» TASK PROMPT:
Could you reproduce, from the records below, everything from the line with "13.待汤汁收浓,关火出锅。" down to the line with "in my collection.", keeping both of those lines and changing nothing?

» SUPPLIED RECORDS:
+ + +
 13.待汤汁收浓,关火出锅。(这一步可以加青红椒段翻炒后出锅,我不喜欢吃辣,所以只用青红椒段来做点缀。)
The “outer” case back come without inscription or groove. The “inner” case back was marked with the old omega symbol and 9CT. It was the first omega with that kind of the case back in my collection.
+ + +
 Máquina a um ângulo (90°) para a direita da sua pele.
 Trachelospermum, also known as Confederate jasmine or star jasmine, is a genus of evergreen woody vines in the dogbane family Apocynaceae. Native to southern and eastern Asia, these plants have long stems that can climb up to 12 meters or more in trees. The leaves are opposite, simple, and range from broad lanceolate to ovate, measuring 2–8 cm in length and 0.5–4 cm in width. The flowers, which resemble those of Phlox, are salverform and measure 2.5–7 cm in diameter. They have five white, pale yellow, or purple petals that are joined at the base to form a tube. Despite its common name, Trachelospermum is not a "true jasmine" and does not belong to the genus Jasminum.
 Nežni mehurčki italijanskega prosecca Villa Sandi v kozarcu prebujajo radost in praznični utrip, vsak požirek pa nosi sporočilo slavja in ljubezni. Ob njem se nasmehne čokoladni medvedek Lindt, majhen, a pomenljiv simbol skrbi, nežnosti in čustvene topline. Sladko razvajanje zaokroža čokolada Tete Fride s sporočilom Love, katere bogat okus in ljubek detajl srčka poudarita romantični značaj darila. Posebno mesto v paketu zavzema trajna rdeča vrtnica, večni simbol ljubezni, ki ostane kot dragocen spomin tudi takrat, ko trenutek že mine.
+ + +
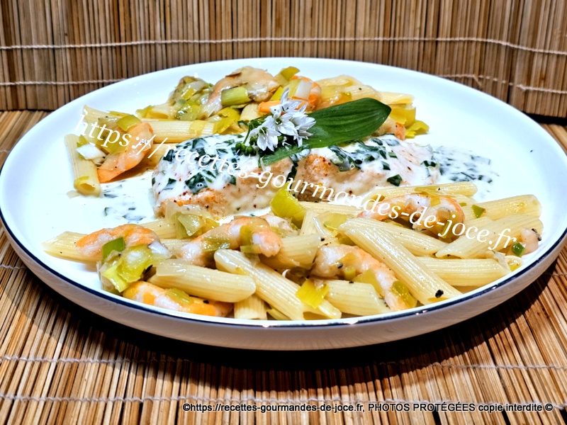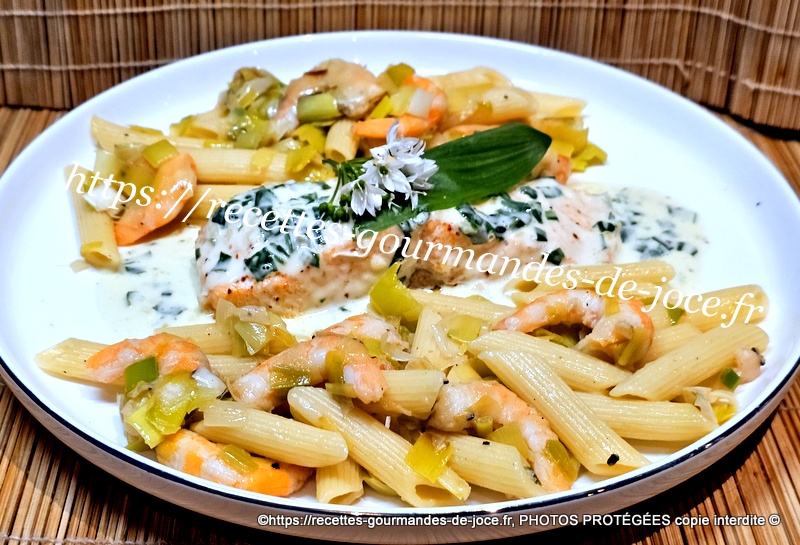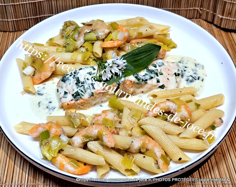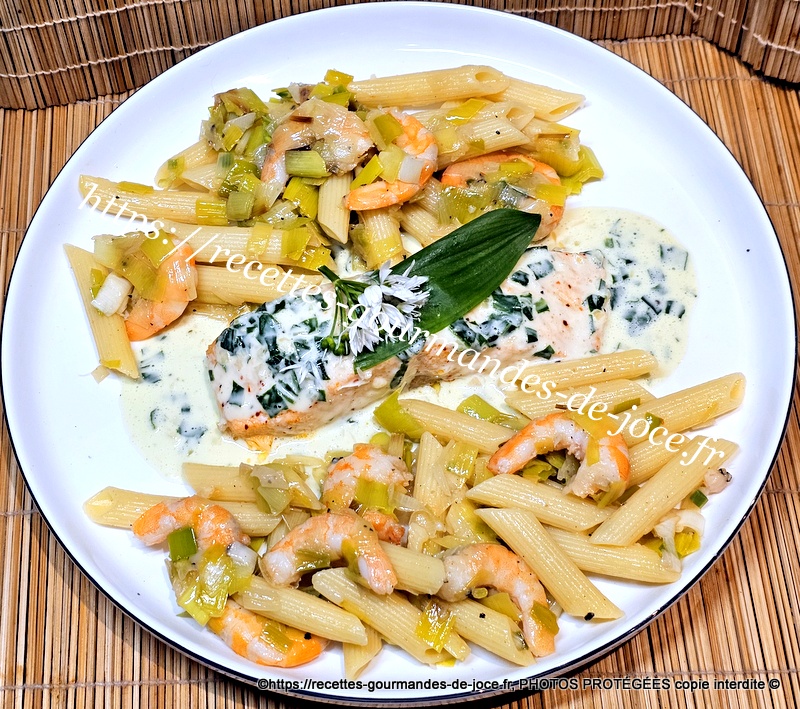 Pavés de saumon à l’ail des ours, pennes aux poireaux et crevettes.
+ + +
» ANSWER TO THE PROBLEM:
 13.待汤汁收浓,关火出锅。(这一步可以加青红椒段翻炒后出锅,我不喜欢吃辣,所以只用青红椒段来做点缀。)
The “outer” case back come without inscription or groove. The “inner” case back was marked with the old omega symbol and 9CT. It was the first omega with that kind of the case back in my collection.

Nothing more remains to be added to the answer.